5. Все учреждения Ставки и правительственные учреждения должны быть посажены на транспорты одновременно с последней грузящейся на транспорт частью Добровольческого корпуса и отнюдь не ранее.

6. Теперь же должна быть передана в исключительное ведение Добровольческого корпуса железная дорога Тимашевская – Новороссийск с узловой станцией Крымская включительно. Никто другой на этой линии распоряжаться не должен.

7. С подходом корпуса в район станции Крымская вся власть в тылу и на фронте, порядок посадки, все плавучие средства и весь флот должны быть объединены в руках командира корпуса, от которого исключительно должен зависеть порядок посадки на транспорты и которому должны быть предоставлены диктаторские полномочия в отношении всех лиц и всякого рода военного казенного и частного имущества и всех средств, находящихся в районе Крымская – Новороссийск.

8. Дальнейшее направление посаженного на транспорты Добровольческого корпуса должно будет определиться политической обстановкой, создавшейся к тому времени, и, в случае падения Крыма или отказа от борьбы на его территории, Добровольческий корпус в том или ином виде высаживается в одном из портов или мест, предоставленных союзниками, о чем теперь же необходимо войти с ними в соглашение, выработав соответствующие и наивыгоднейшие условия интернирования или же поступления корпуса на службу целою частью.

9. Докладывая о вышеизложенном Вашему Превосходительству, я в полном сознании своей ответственности за жизнь и судьбу чинов вверенного мне корпуса и в полном согласии со строевыми начальниками, опирающимися на голос всего офицерства, прошу срочного ответа для внесения в войска успокоения и для принятия тех мер, которые обеспечат сохранение от распада оставшихся борцов за Родину.

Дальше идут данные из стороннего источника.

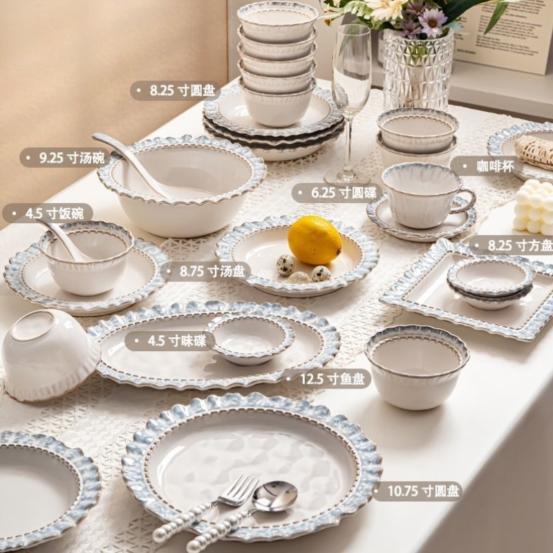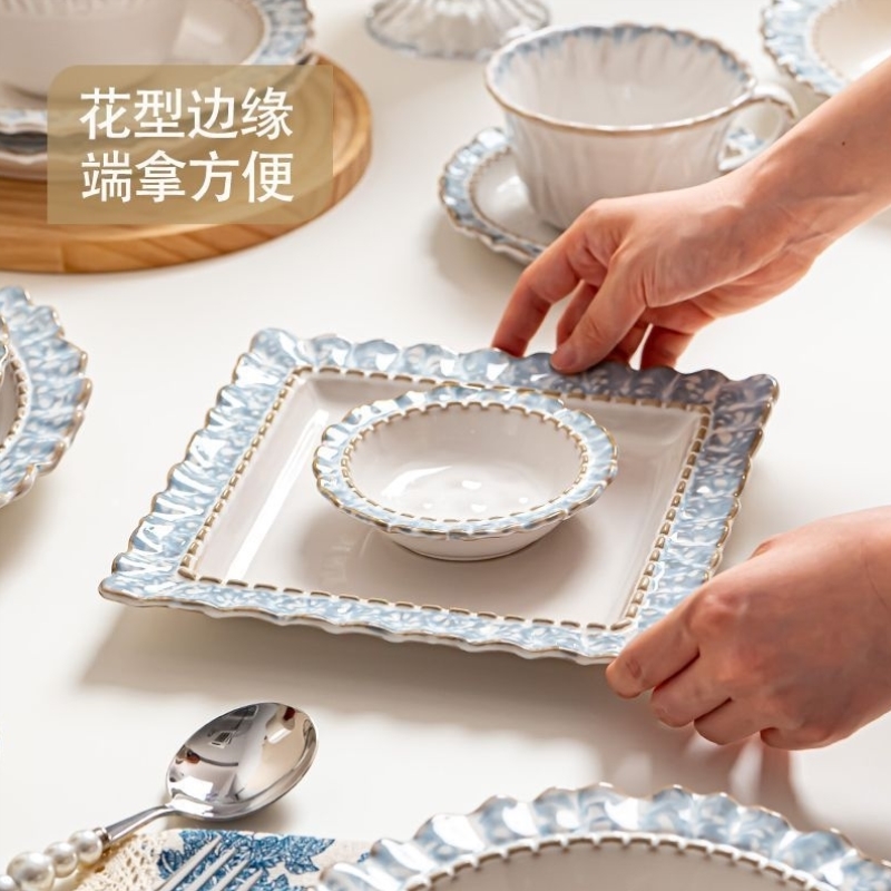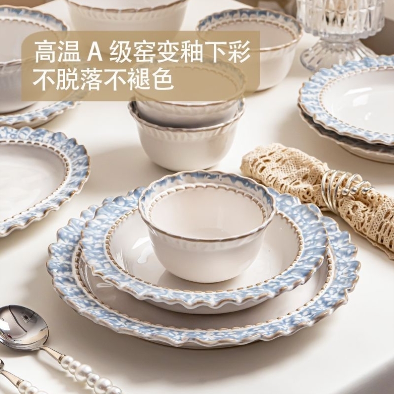 烟蓝法式陶瓷家用餐具ins新款饭碗复古感轻奢高级碗碟套装碗盘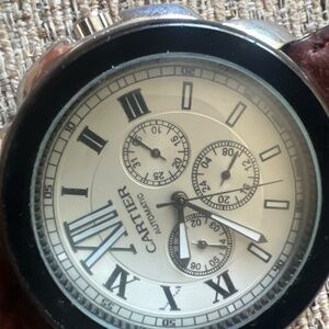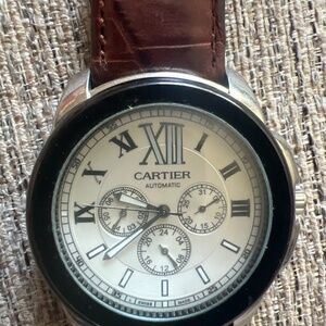 Authentic Cartier two-tone (steel & 18k gold) watch. Features Roman numeral dial with hidden ‘Cartier’ signature, Swiss-made movement, sapphire cabochon crown, and original serial number 225014PX. Elegant, timeless, and in excellent condition. Unfortunately no box but you can confirm the authenticity by serial name 225014PX

10. Все изложенное выше отнюдь не указывает на упадок духа в корпусе, и если удалось бы задержаться на одной из оборонительных линий, то определенность принятого Вами на случай неудачи решения внесет в войска необходимое успокоение и придаст им еще большую стойкость. Кутепов».

Вот и конец. Те настроения, которые сделали психологически возможным такое обращение добровольцев к своему главнокомандующему, предопределили ход событий; в этот день я решил бесповоротно оставить свой пост. Я не мог этого сделать тотчас же, чтобы не вызвать осложнений на фронте, и без того переживавшем критические дни. Предполагал уйти, испив до дна горькую чашу новороссийской эвакуации, устроив армию в Крыму и закрепив Крымский фронт.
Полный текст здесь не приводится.